Hi,
On 2020-11-18 19:02:34 -0500, Tom Lane wrote:
> Having said that, I had imagined that we might never have to fix it,
> because if your table is big enough that it has a problem of this
> ilk then likely you want to partition it anyway. And partitioning
> solves the problem since each partition has its own toast table.
A few billion rows isn't that much anymore, and partitioning has a fair
number of restrictions (plus this only needs 4 billion toasted fields,
not 4 billion rows). More importantly, to hit problems around this, one
doesn't even have to have all those rows in a table at once -
performance will suffer once the oid counter has wrapped around,
especially if there's longer sequences of assigned values.
> Yeah. If we're going to put work into this, widening the IDs used
> to identify toast values seems like the right work to be doing.

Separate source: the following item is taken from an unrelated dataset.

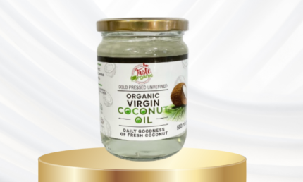 Taste Organic Virgin Coconut Oil is a premium, cold-pressed, unrefined oil extracted from the fresh meat of organically grown coconuts. Bottled with care, this 100% natural oil retains the pure, tropical essence and nutritional richness of fresh coconuts. It is ideal for cooking, baking, skincare, and haircare routines, making it a versatile staple for health-conscious individuals.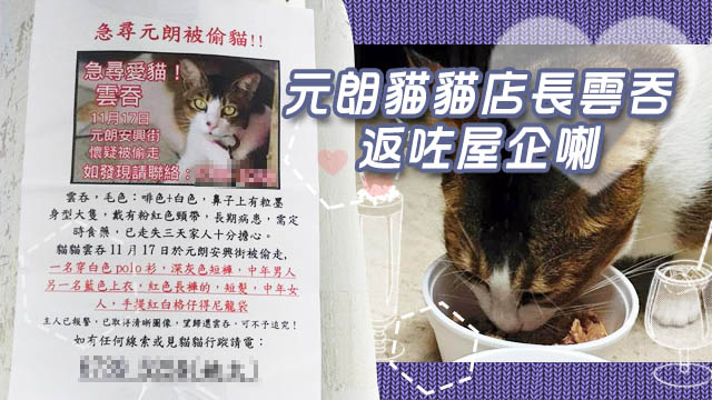 好yeah!元朗寵物用品店嘅貓貓店長雲吞終於搵返喇!

To outline, here's what I think the two major pieces to get there are:
1) Make toast oid assignment independent of the oid counter. The easiest
way likely is to also create a serial and use that. That alone
improves the situation considerably, because it takes much longer to
to wrap around in each toast table.
The overhead of the additional WAL records isn't nothing, but
compared to maintaining a btree it's not likely to be measurable.
2) Widen non pg-upgraded toast tables to have 64bit chunk_id field. To
reference chunks >= 2^32, add VARTAG_ONDISK64, which is only used
when needed.
Greetings,
Andres Freund